We conclude that adding case-parents data with missing parental genotypes to complete case-parents data set can greatly improve the power of our strategy for rare variant-disease association.

Background

The development of next-generation sequencing technologies has facilitated association studies of rare variants (minor allele frequency (MAF) < 1%).
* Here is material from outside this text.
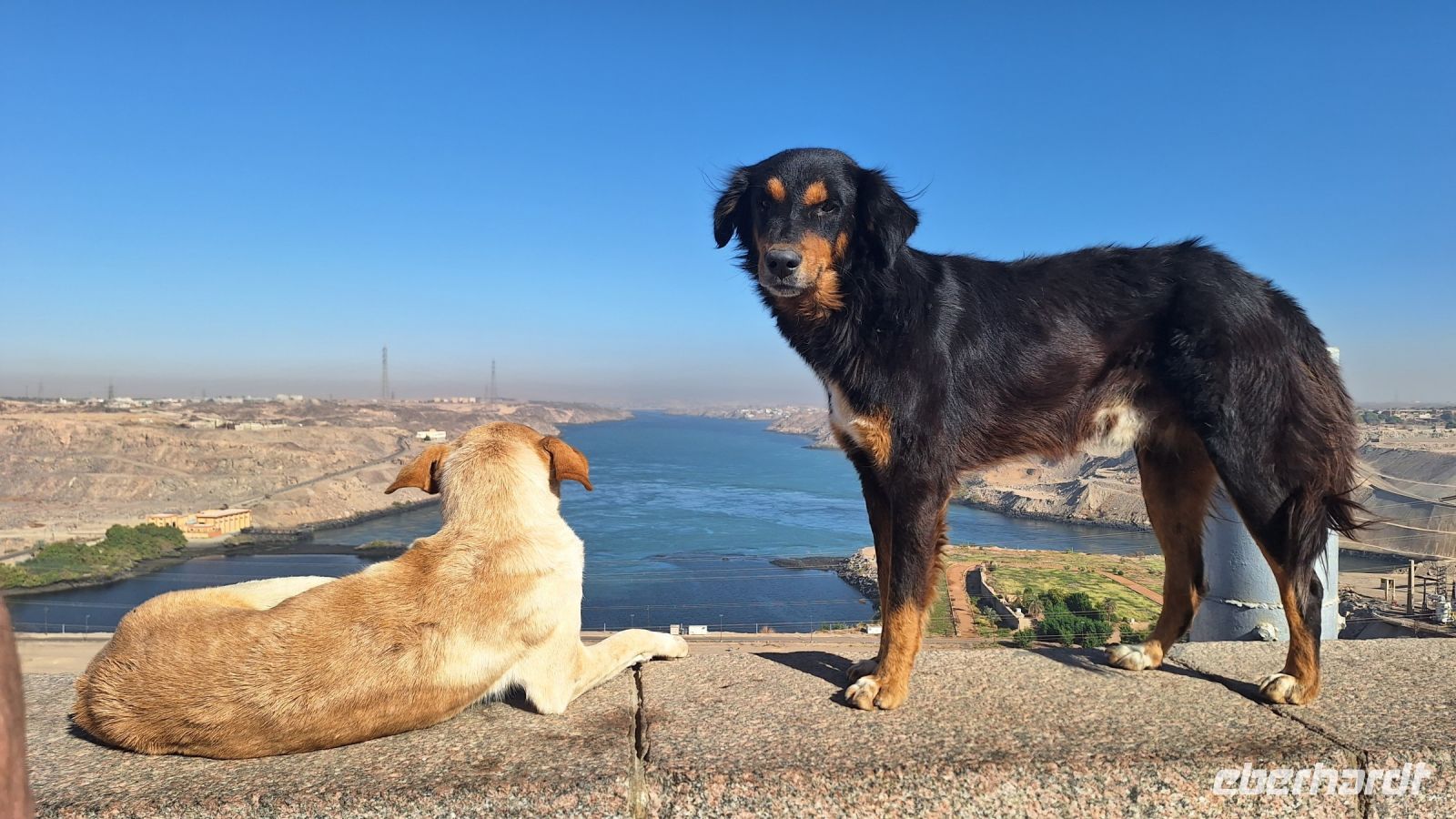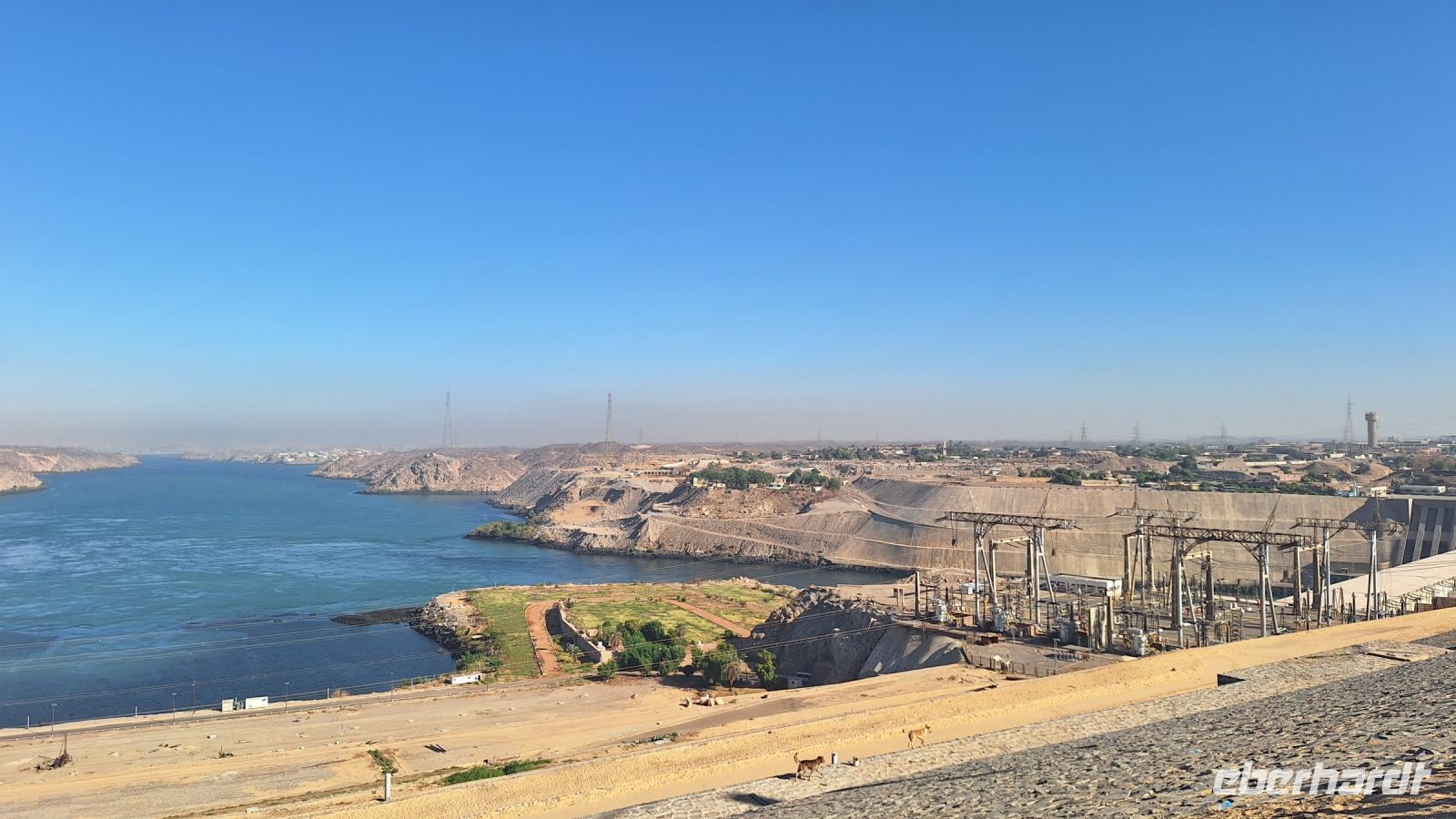 Mit dem Bus überfahren wir wenig später die alte Staumauer, die zwischen 1898 und 1902 errichtet wurde und die die ganzjährige Bewässerung der Felder im Niltal gewährleisten sollte. Die alte Mauer verfügte noch über Durchlässe, die den fruchtbaren Nilschlamm passieren ließen. Jedoch erwies sich dieses erste Bauwerk als zu klein, um seiner Bestimmung gerecht zu werden. Ein neuer Staudamm sollte nun das Problem lösen und wurde von der Regierung als „Barriere gegen den Hunger“ beworben. Nach zahlreichen diplomatischen Auseinandersetzungen wurde der Assuan-Hochdamm mit Hilfe der Sowjetunion im Jahr 1970 fertiggestellt. Der neue Staudamm sorgt für die Regulierung der Wasserstände und versorgt fast ganz Ägypten mit Strom, jedoch fehlt die Versorgung der Felder mit dem so wichtigen fruchtbaren Nilschlamm, Kunstdünger muss eingesetzt werden und führt zur Versalzung der Felder und zum Rückgang des Fischreichtums im unteren Nil. Auf der anderen Seite des Damms ist der etwa 500 Kilometer lange Nasser-See entstanden, der drittgrößte Stausee der Erde.
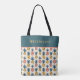 Diese reizvolle Tasche mit stilisierten Ananas in Rosa und Gold, mit aquamarinen grünen Blätter. Die Oberseite der beiden Seiten ist farbgeblockt im selben aquamarinen Grün, mit goldener Schrift für Ihren Monogrammnamen oder Ihre Initialen. Der Hintergrund ist Vintag cremefarben.

Family-based design, as an important strategy in genetic studies (especially for rare variants) for human complex diseases, has some advantages over population-based design [1, 2]. The most prominent advantage is that many family-based association methods can effectively control for population admixture and substructure which is more prominent for rare variants and thus avoid spurious associations due to population admixture or substructure [3, 4]. Moreover, family-based design can be used to study complex mechanisms, such as parent-of-origin effects and maternally mediated genetic effects, which are difficult to detect with unrelated individuals in population-based design [5]. Case-parents study, as a typical strategy in family-based design, is widely used in rare variant-disease association analysis. For example, combined multivariate and collapsing (CMC) [6], weighted sum statistic (WSS) [7, 8], variable threshold (VT) [9], and the burden of rare variants (BRV) have all been extended into the transmission/disequilibrium test (TDT) [10] framework [11]. Another commonly used method in case-parents study is to treat nontransmitted genotypes of parents to affected offspring as control (also called pseudocontrols or complements) of affected offspring [5, 12, 13]. For example, investigators can construct a difference vector by comparing the genotypes of affected offspring with their corresponding “complements” and use the collapsing method [6, 7] to detect rare causal variants.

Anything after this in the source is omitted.